許久,他忽然抬起頭,問小太監:“你那時候怎么會和你師父在一起?”
“哦,那會子皇后娘娘正好遣奴婢給陛下送溫百合湯,到的時候陛下正在議事,所以奴婢就在門口等了一會兒。”小太監撓了撓頭,道。
“哦........”秋景秀這下明白了。
他將紙揉成一團,丟到簍里,隨即似笑非笑道:
“所以你聽到了,因為和我有關,就回來稟告我了。”
“嗯呢。”小太監渾然不知秋景秀這笑里究竟是何意義,還有些美滋滋,覺得自己立了功:
“殿下,奴婢可是一刻都沒耽擱,就回來稟告您了。”
秋景秀沒說話,手里卷著一本書卷,踱步走到窗前,看著窗外已經開始漸漸冒出綠牙的桃花樹,忽然想到,自己被秋景明推進蓮池里時,尚還是寒冬臘月。
時間一晃已經過了一個月,秋景明這個錦衣玉食的公子哥在牢房里呆了那么久,吃不飽穿不暖的,還常常受笞打,估計已經在心里恨死自己了吧。
一想到秋景明獨自負傷,還得抽空恨自己,秋景秀不禁在心中感到一陣愉悅。
他放下書,看了一眼低頭給自己磨墨的小太監,眼中閃過一絲意味不明的光,隨即緩緩開了口:
“隨瑜。”
那小太監下意識抬起頭,“啊”了一聲:
“殿下。”
“隨我去兵部的牢房中看看大哥哥吧。”
秋景秀想了想,道:“對了........順便,把我枕頭底下的那瓶藥拿上。”
兵部的牢房和大理寺不同,擠滿了人,秋景秀走過過道兩旁時,還能聽到來自犯人受刑時的痛苦哀嚎。

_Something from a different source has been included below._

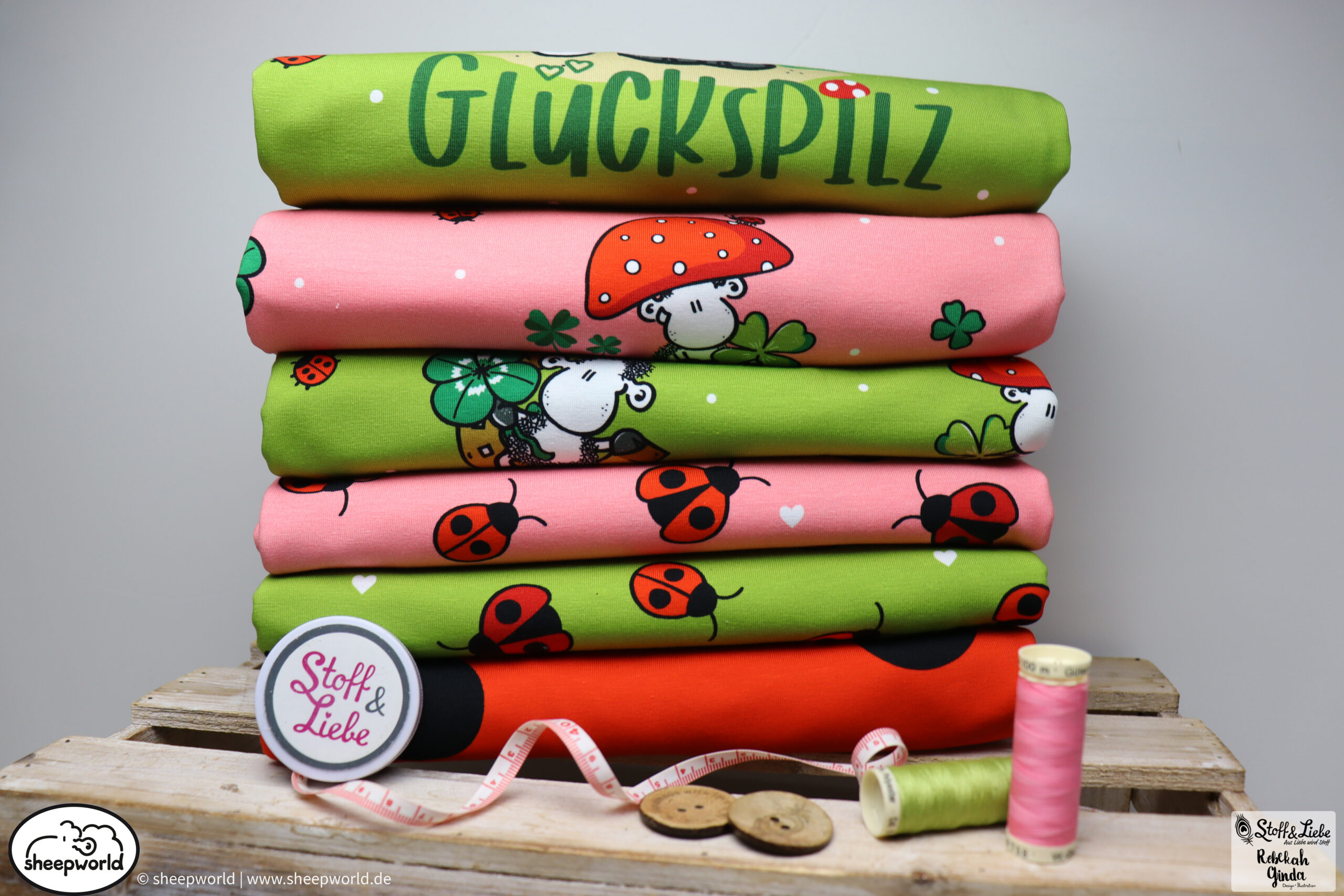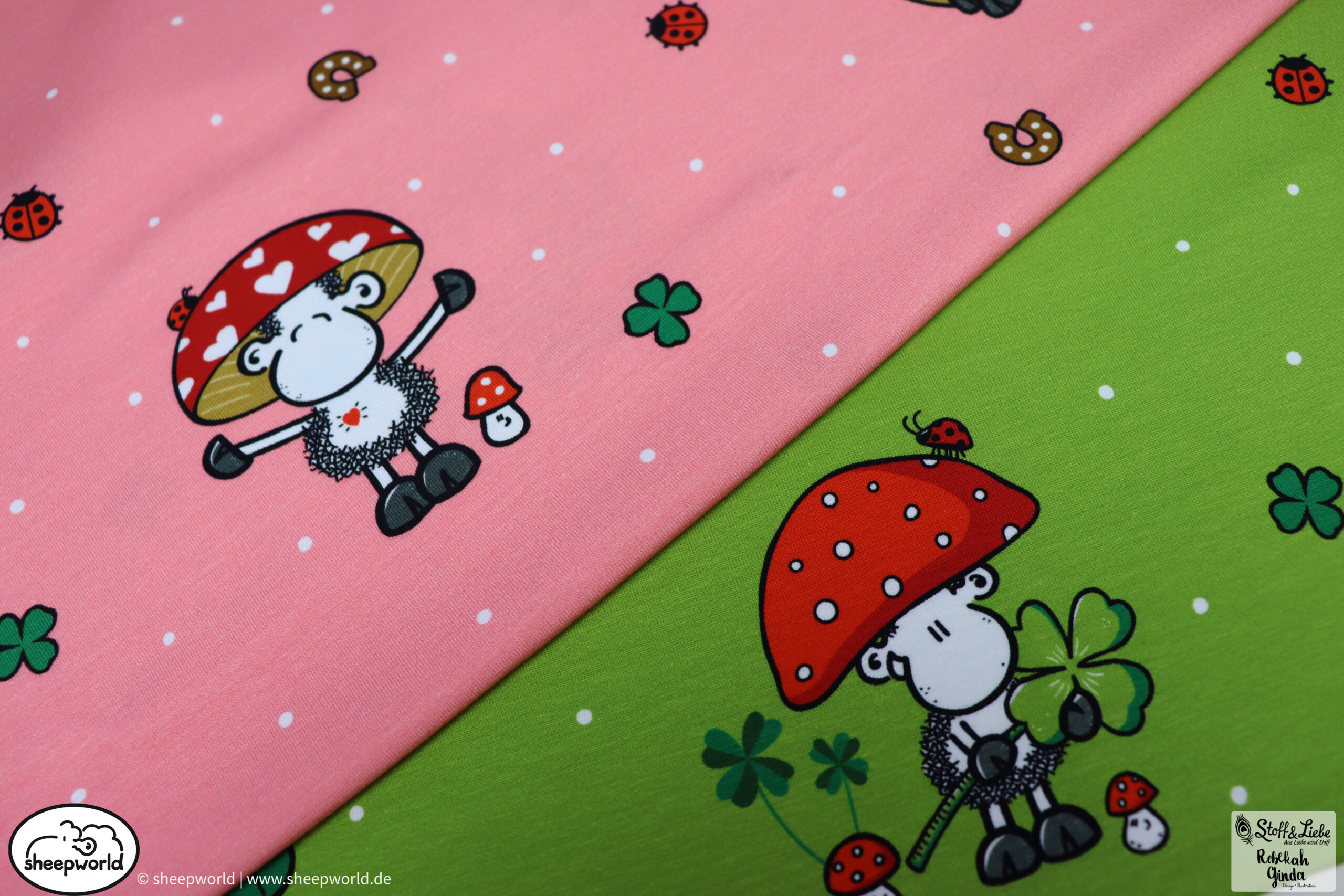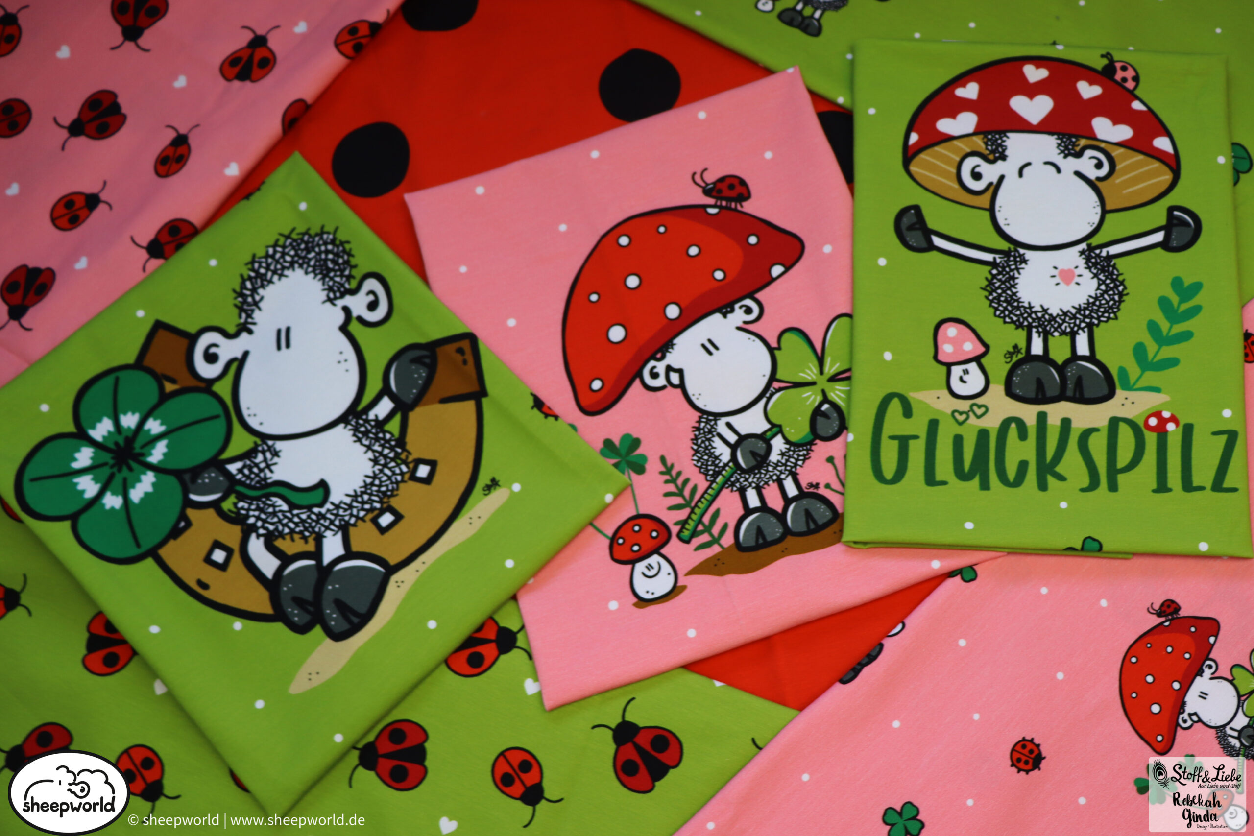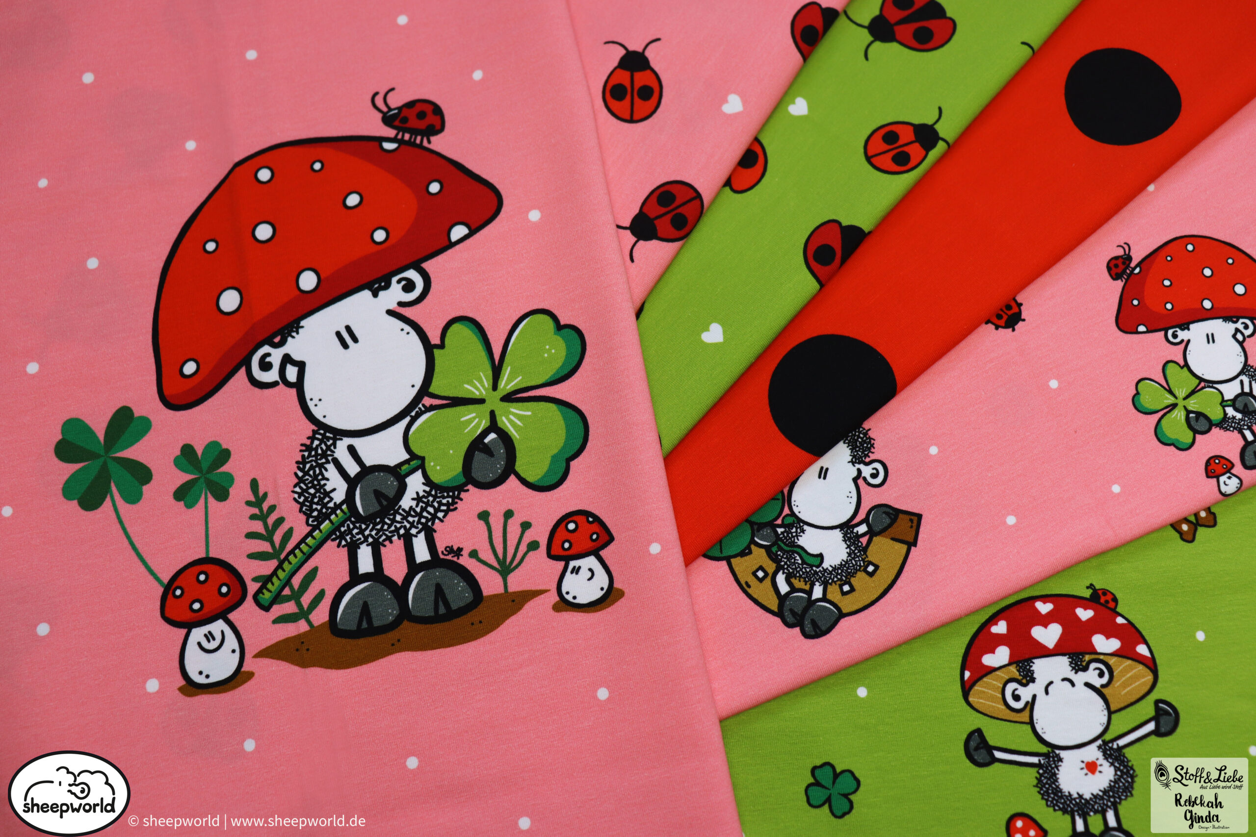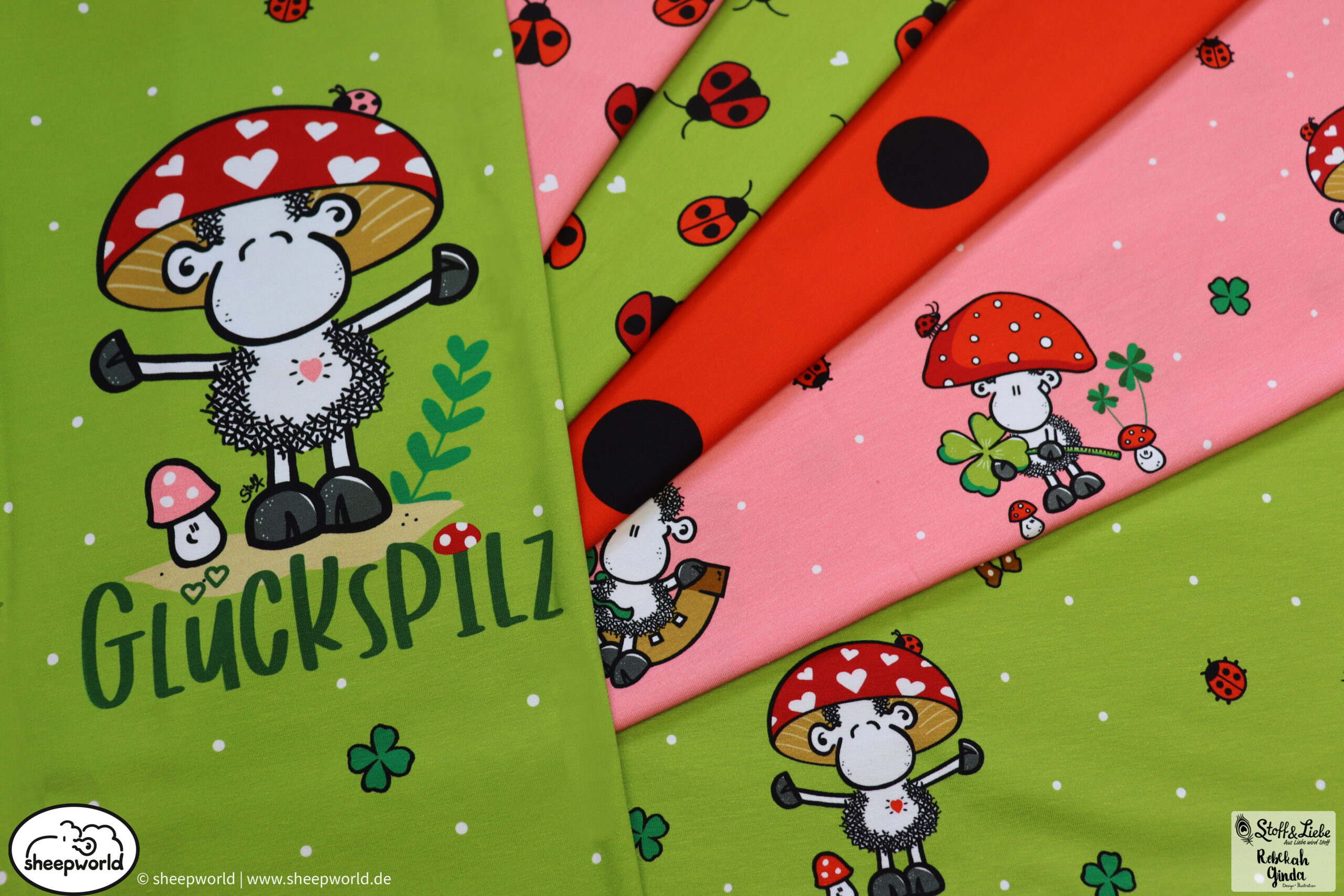 Unsere „sheepworld – Glückspilz“ Kollektion wurde umgesetzt von Rebekah Ginda Design. Wir haben für Euch ein Panel, einen Hauptstoff in zwei Farben und passend dazu zwei Kombistoffe, einer davon ebenfalls in zwei Farbvarianten. Die Stoffe dieser Kollektionen erscheinen auf Jersey und haben eine Materialzusammensetzung von 95% Baumwolle und 5% Elasthan.

鮮紅的烙鐵按在皮肉上發出的滋啦聲近在耳邊,秋景秀即使沒有親眼目睹那刑罰,也似乎能看見皮肉燒焦時的白煙從自己的面前飄過,帶著人肉的氣息。
秋景秀忍不住有點想吐,但他忍住了。
在走過長長的通道,前往關押皇親貴族的“地”字號牢房時,秋景秀不經意地回過頭,發現身邊的隨侍隨瑜的腳步并未因為周遭的哀嚎和慘叫而有絲毫的動搖,而是像早就習慣了似的,目不斜視地跟著帶路的牢吏,連轉彎都沒有絲毫的猶疑,像是早就來過這里似的。
秋景秀:“........”
他捏了捏指尖,不動聲色地垂下頭,接著這個動作,遮住了面上的若有所思。
秋景明被關押在天牢的內側,越往里走,就越是陰森和安靜。
秋景秀捂著鼻子,仰頭看見官吏打開牢房的鐵鎖,然后門被打開時發出吱呀的一聲響,沉悶的幾乎要將官吏討好的聲音掩蓋下去:
“小殿下,就是這里。”
因為秋君藥沒有特別要求關照秋景明,加上秋景明母妃早就出宮去了,沒人給秋景明做后臺,導致秋景明在牢獄中幾乎無人暗中照拂。
他一身臟兮兮的看不清黑白的囚服染上了暗紅黑紫的血液,整個人像一個死尸似的趴在稻草堆上,呼吸聲趨近于無,滿是細小傷痕的指尖沾著灰土,整張臉被雜草般干枯的頭發覆蓋,幾乎要看不清頭發下的神情。
“.........”
看著原本意氣風發的皇長子哥哥落的現下這個光景,秋景秀不由得垂下了眼睫。
似乎是聽到了門外傳來的聲音,秋景明緩緩動了動眼珠。
他的眼睛原本還帶點神采,但當看到來人是秋景秀時,又徹底暗了下去。
秋景秀瞬間解碼了這個視線所表達的含義,敏感道:
“我來,你很失望?”
在那樣探究的視線注視下,秋景明本想站起身,想讓自己看上去不那么狼狽,找回一絲當哥哥的尊嚴,但片刻后,從臀部到脊椎上傳來的強烈刺痛令他無法動彈分毫,只能眼睜睜地看著秋景秀走到自己面前,蹲下身,語氣帶著些許嘆息:
“大哥哥。”
秋景秀道:“怎么把自己搞的這么狼狽呀。”
被秋景秀這看似關心實則幸災樂禍的話,秋景明氣的臉都紅了,從亂發里探出一雙猩紅的眼睛,后槽牙咬的死緊,秋景秀甚至還能看見他面部顫抖的肌肉:
“你來干什么?”
秋景明恨不得跳起來咬秋景秀一口,卻被打的幾乎半癱,動也動不了,扯著沙啞難聽好似幾百年也喝過水的嗓子,質問道:
“你多半是來看我笑話的吧。”
他冷冷地說:“現在看到了,你滿意了?”
“皇兄,你怎么能這么說呢?”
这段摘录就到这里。